第5章 *File.5*外伝*警察学校編*
「どういうつもりなんだ?」
「アイツらの前で、堂々と自らバラせって?」
「……」
「バレなければそれでいいし、バレたら話すよ」
「それ、雪乃に言った?」
「雪乃もそのつもりだろ」
「二人でちゃんと話すことをお勧めするよ。誤解を招かないうちにね」
「心配ご無用」
「だといいけど」
「諸伏お前!」
「大人しい顔して、やるねぇ」
「そうならそうと言えよ!」
「水臭いねぇ」
「「……」」
ほぅら、言わんこっちゃない。
こういう場合はどうすんの?
警察学校から少し離れた場所にある、とあるファミレスのテーブル越しに視線で問いかけたら、無言で頭を横に振る。
あれから一週間、ゼロと連絡すら取ってないのか?
いっそ、オレ達が付き合ってることにしたら?
いや、それはそれで後々困る。と言うより、今より面倒臭いことになる。
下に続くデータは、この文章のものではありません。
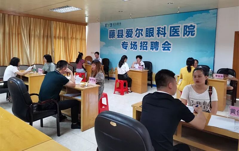 7月28日,藤县爱尔眼科医院现场招聘会在藤县藤州大道188号东信大酒店六楼会议室圆满举行。医院共设院长(副院长)、各部门学科主任、眼科医师、住院医师、影像技师、检验师、药剂师等多个岗位,在招聘会现场,应聘者络绎不绝。
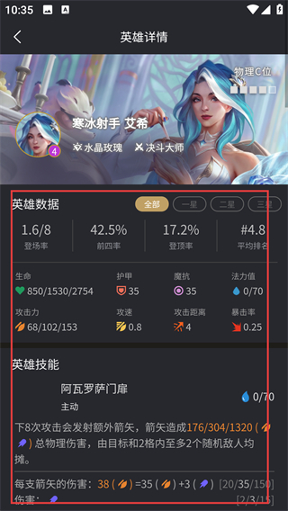 4、进入英雄详情页后,能看【寒冰射手-艾希】的登场率、技能效果等数据,助力阵容搭配决策哦。

よな?
「「ハア」」
さて、どうする?
「連絡する?」
「景光に任せる」
松田と萩原の痛い視線を感じながら、雪乃はまるで他人事のように返事をする。
「どうして、オレがヤキモキしなきゃいけないワケ?」
「それは私じゃない誰かに言って」
「分かった!」
どうせ何時までも、勘と洞察力の鋭いコイツらに隠し通せるワケがない!
と、開き直ってオレはゼロに連絡を入れて呼び出した。
ら、班長まで一緒にやって来た。
何故?
「みんな揃ったところで早速本題に入るけど、諸伏と雪乃チャンは付き合ってんのー?」
「だったら、降谷が呼ばれた理由は?」
「「「……」」」
萩原の問いにそう班長が突っ込み、三人で沈黙。
誰が説明すんの?
ゼロと雪乃に視線で問いかければ、
「「景光」」
と、反応があった。
何でだよ!
「オレと雪乃は付き合ってないよ」
「けど、以前からの知り合いだよな?」
「既に名前で呼びあってる仲じゃねぇか」
「雪乃とは、生まれた時から一緒なんだから、名前で呼ぶのは当たり前」
「「「ハア?」」」
班長、萩原、松田が三人揃って目を丸くした。
だよね。
そうだよね、分かってるよ。
過去に、こういう反応しか返って来たことないから!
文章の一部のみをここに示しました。